ASSIGNMENT
From the line containing "El dólar blue" through the last line of the entries below, transcribe each line exactly, excluding any picture.

GIVEN ENTRIES
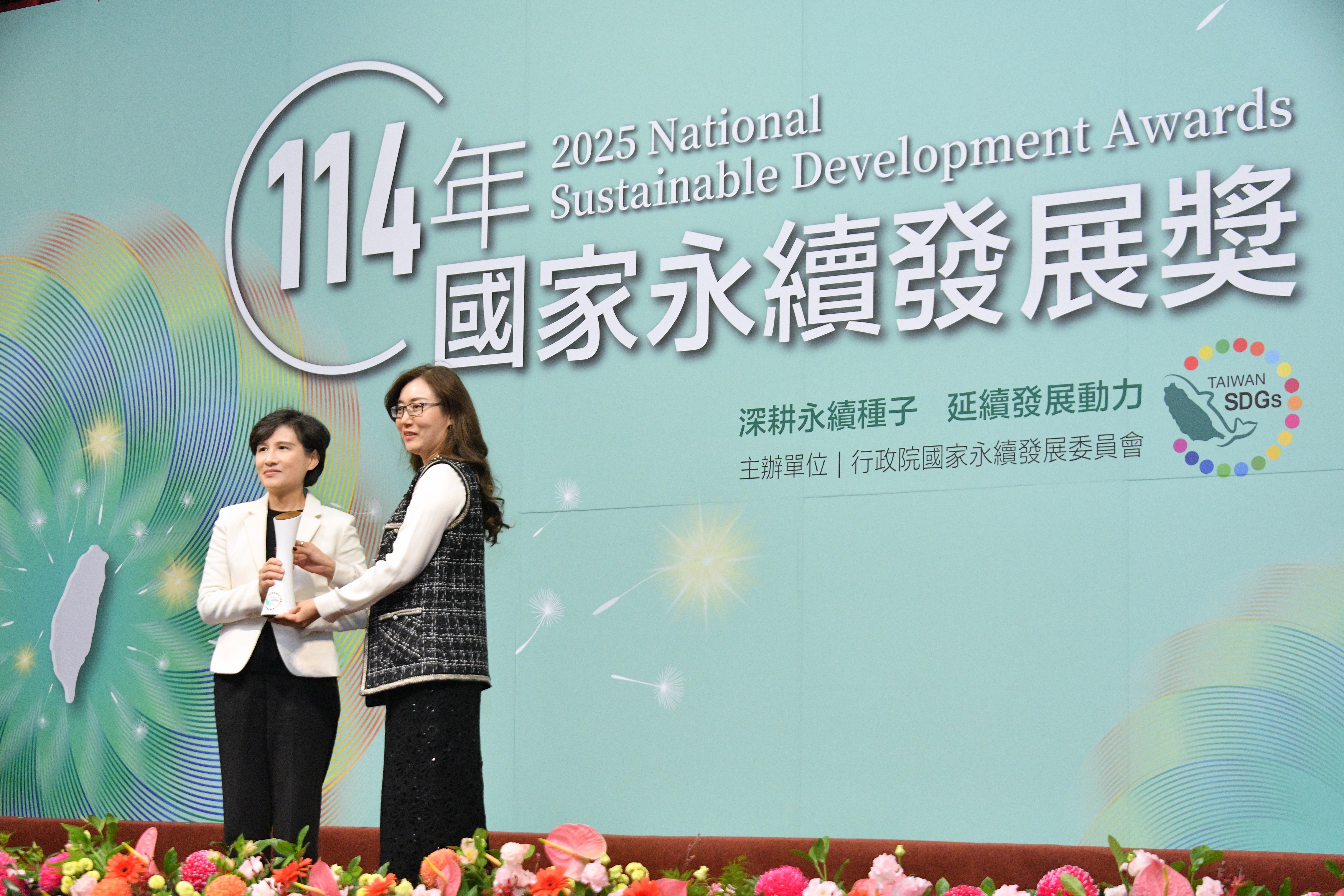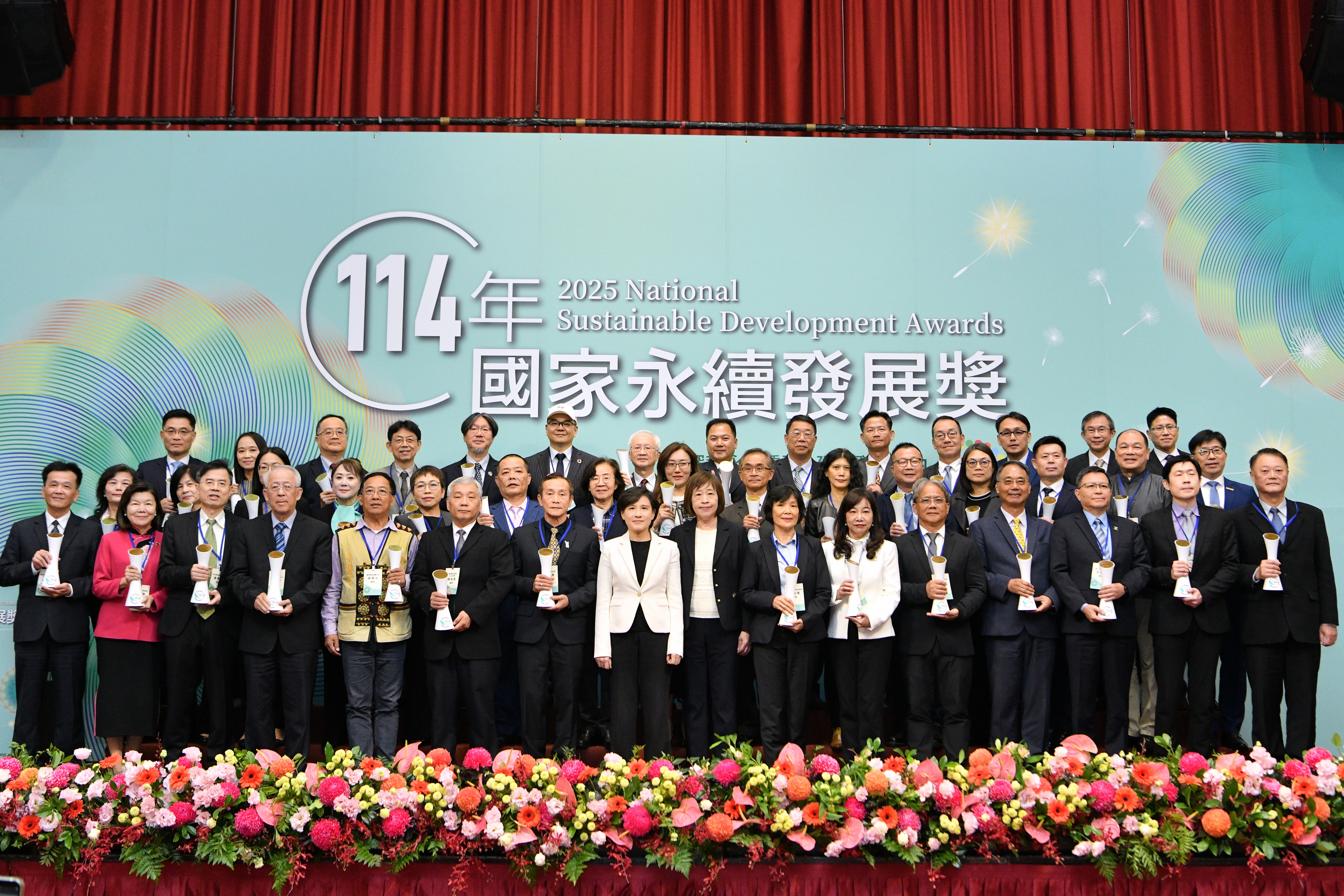 鄭副院長表示,今(2025)年43個獲獎單位與12個入選獎名單,是國家創新永續競爭力的縮影,包括將SDGs納入校務策略規劃的大學校院;積極推動綠色低碳供應鏈的大型企業;持續推動循環經濟的中小企業;推動轉型金融,支持客戶實踐永續發展的金融機構;積極推動低碳飲食與生態復育的宗教團體;以及在公共工程中融入環境保護與節能減碳理念的政府機關等。這些實踐都相當重要,具有示範效果,非常感謝大家的努力。
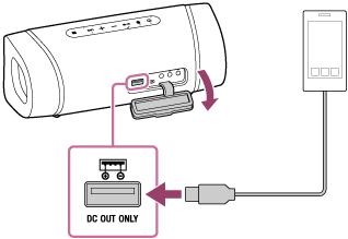 使用USB电缆(市售)将USB设备(如智能手机或iPhone)连接到DC OUT ONLY端口(USB)上。
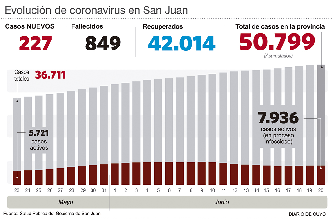 Ayer, el Ministerio de Salud Pública de la provincia informó 227 nuevos casos de coronavirus en un día, mostrando una de las cifras más bajas en mucho tiempo, y 5 muertes, la más joven correspondiente a un hombre de 47 años oriundo del departamento Rawson. De esta manera, el total de contagios se elevó a 50.799 y el de fallecidos a 849.
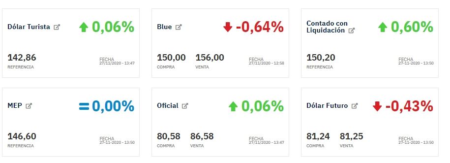 El dólar blue -la cotización informal de la divisa norteamericana- continúa bajando en el cierre de la semana y se ubica en $156 para la venta y $150 para la compra, un peso por debajo del cierre de ayer.
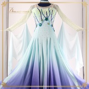 【社交ダンス衣装】ブルー ワンピース ドレス 水色 青 紫 グラデーション フロート 綺麗 デモ 競技用 ダンス用 落ち感
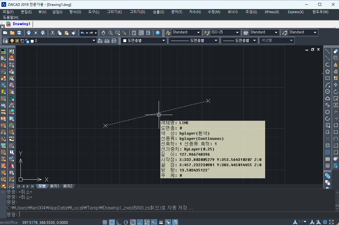 zwcad2019 + archioffice 에서 예시 사용을 아래에 보여드립니다.
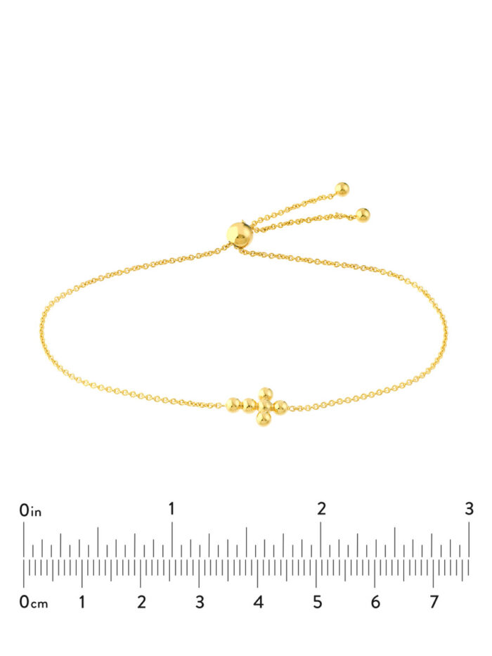 Embrace timeless style with this charming 14K yellow gold bolo bracelet. Featuring a dainty beaded cross design, this bracelet adds a touch of sophistication to any outfit. The adjustable closure allows for a customized fit, ensuring comfort and versatility.

THE ANSWER
 El dólar blue -la cotización informal de la divisa norteamericana- continúa bajando en el cierre de la semana y se ubica en $156 para la venta y $150 para la compra, un peso por debajo del cierre de ayer.
 【社交ダンス衣装】ブルー ワンピース ドレス 水色 青 紫 グラデーション フロート 綺麗 デモ 競技用 ダンス用 落ち感
 zwcad2019 + archioffice 에서 예시 사용을 아래에 보여드립니다.
 Embrace timeless style with this charming 14K yellow gold bolo bracelet. Featuring a dainty beaded cross design, this bracelet adds a touch of sophistication to any outfit. The adjustable closure allows for a customized fit, ensuring comfort and versatility.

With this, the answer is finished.